GEMM based on the RISC-V Vector Extension (Part 1)

gemm-riscv-vector-part1

We will describe several times floating-point matrix multiplication kernels based on the RISC-V Vector Extension. In Part 1, we created double-, single- and half-precision floating-point matrix multiplication kernels for arbitrary matrix sizes and evaluated their performance using Ara’s RTL simulator.

Goal

The goal is to create floating-point matrix multiplication kernels based on the RISC-V Vector Extension and evaluate their performance using Ara’s RTL simulator.

Specifically, it targets GEMM (GEneral Matrix-to-matrix Multiply) compatible matrix multiplication kernels for BLAS (Basic Linear Algebra Subprograms). We also refer to the cblas_[d|s|h]gemm as a concrete API, where d, s and h represent double-, single- and half-precision floating-point respectively.

Below is the prototype declaration of cblas_dgemm in Netlib.

void cblas_dgemm(CBLAS_LAYOUT    layout,
                 CBLAS_TRANSPOSE TransA,
                 CBLAS_TRANSPOSE TransB,
                 const CBLAS_INT M,
                 const CBLAS_INT N,
                 const CBLAS_INT K,
                 const double    alpha,
                 const double*   A,
                 const CBLAS_INT lda,
                 const double*   B,
                 const CBLAS_INT ldb,
                 const double    beta,
                 double*         C,
                 const CBLAS_INT ldc);

The processing is as follows.

C = alpha * op(A) * op(B) + beta * C
with op(A) = [M x K], op(B) = [K x N], C = [M x N]

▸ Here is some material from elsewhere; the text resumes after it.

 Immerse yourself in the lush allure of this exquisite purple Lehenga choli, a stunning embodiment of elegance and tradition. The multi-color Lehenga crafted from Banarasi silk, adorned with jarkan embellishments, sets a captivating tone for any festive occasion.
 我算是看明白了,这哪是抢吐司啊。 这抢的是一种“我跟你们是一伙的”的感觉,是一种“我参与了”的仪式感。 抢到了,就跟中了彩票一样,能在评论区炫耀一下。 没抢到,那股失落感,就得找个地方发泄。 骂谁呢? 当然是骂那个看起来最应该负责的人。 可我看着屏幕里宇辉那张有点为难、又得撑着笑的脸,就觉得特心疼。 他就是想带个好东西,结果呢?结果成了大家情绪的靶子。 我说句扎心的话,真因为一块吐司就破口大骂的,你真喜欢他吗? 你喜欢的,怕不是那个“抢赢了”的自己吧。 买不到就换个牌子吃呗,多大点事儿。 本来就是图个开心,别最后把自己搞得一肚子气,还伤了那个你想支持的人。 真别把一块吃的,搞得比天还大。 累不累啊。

op(A) uses A as is when TransA is CblasNoTrans, and uses transposed A when TransA is CblasTrans. The same is true for op(B).

The simplified matrix product C = A * B corresponds to when both TransA and TransB are CblasNoTrans, alpha is 1.0 and beta is 0.0.

Ara

Ara is an implementation of the RISC-V Vector Extension (RVV) developed by the PULP (Parallel Ultra Low Power) project. Ara supports RVV v1.0.

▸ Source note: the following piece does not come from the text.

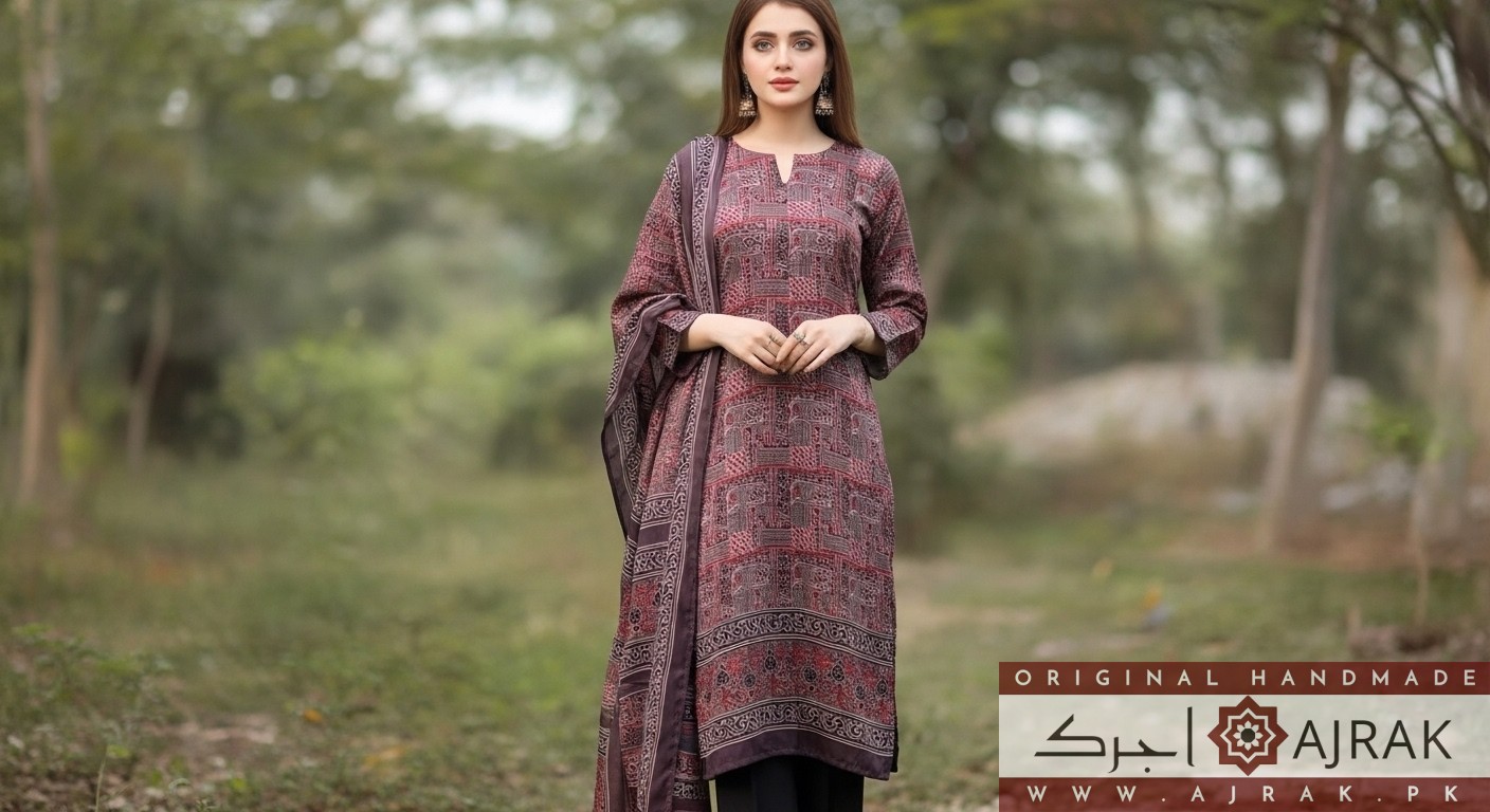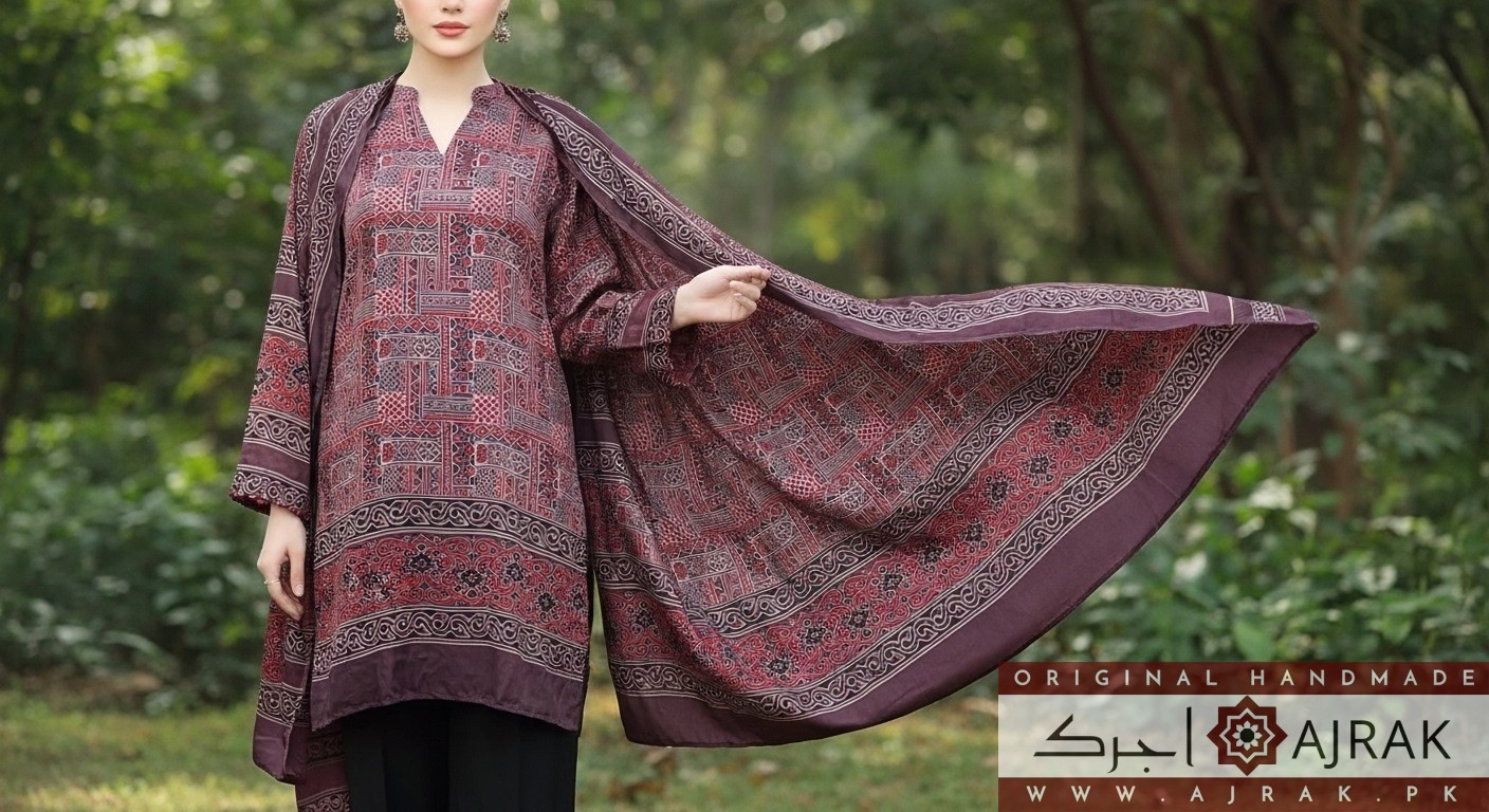 A timeless handmade Ajrak silk suit featuring traditional Sindhi block prints in earthy maroon and black tones — elegant, graceful, and authentically crafted for heritage lovers.

Ara is characterized by its long VLEN (bit length of each vector register), and the default VLEN is 4096-bit even in a 256-bit configuration with four 64-bit Vector Units. Each vector register can handle 64 elements of double-precision floating-point, so if 32 vector registers are fully utilized, 2048 elements of double-precision floating-point can be handled.

Ara’s repository also has fmatmul, a double-precision floating-point matrix multiplication kernel. However, it is quite simplistic and has many issues for GEMM compatibility, such as not supporting arbitrary matrix sizes.

GEMM on Ara RTL Simulator

The prototype declaration of dgemm implemented in Part 1 is as follows. As of Part 1, transposition, alpha and beta are not supported.

void dgemm(const CBLAS_INT M,
           const CBLAS_INT N,
           const CBLAS_INT K,
           const double*   A,
           const CBLAS_INT lda,
           const double*   B,
           const CBLAS_INT ldb,
           double*         C,
           const CBLAS_INT ldc);

The featured image shows the performance of the double-, single- and half-precision floating-point matrix multiplication kernels in Ara’s 4_lanes (256-bit with four 64-bit Vector Units) configuration. DGEMM, SGEMM and HGEMM correspond to double-, single- and half-precision floating-point matrix multiplication kernels respectively.

The table below shows the performance and utilization of DGEMM, SGEMM and HGEMM when the size of the square matrix (M=N=K) is 128.

Performance
(FLOP/cycle)
Utilization
(%)
DGEMM 7.776 97.2
SGEMM 15.437 96.5
HGEMM 28.520 89.1

The utilization of DGEMM and SGEMM exceeds 95%, and the utilization of HGEMM is about 90%, so we can see that it is very efficient. Ara’s Vector Unit is equipped with FMA (Fused Multiply-Add), so even with a configuration of four 64-bit Vector Units, eight double-precision floating-point operations are possible per cycle. Therefore, the utilization (%) of DGEMM is 7.776 / 8 * 100 = 97.2. Similarly, for single- and half-precision, 16 and 32 floating-point operations per cycle are possible.

However, by supporting arbitrary matrix sizes, issues with Ara became apparent. One of them is poor utilization when the size of the square matrix is odd. The case of SGEMM is remarkable, the utilization of matrix size 64 exceeds 80%, while the utilization of matrix size 65 drops to about 50%. If workarounds can be taken, it recovers to nearly 65% of utilization for matrix size 66, but it seems difficult to keep high utilization all the time.

Summary

We created double-, single- and half-precision floating-point matrix multiplication kernels based on the RISC-V Vector Extension and evaluated their performance using Ara’s RTL simulator.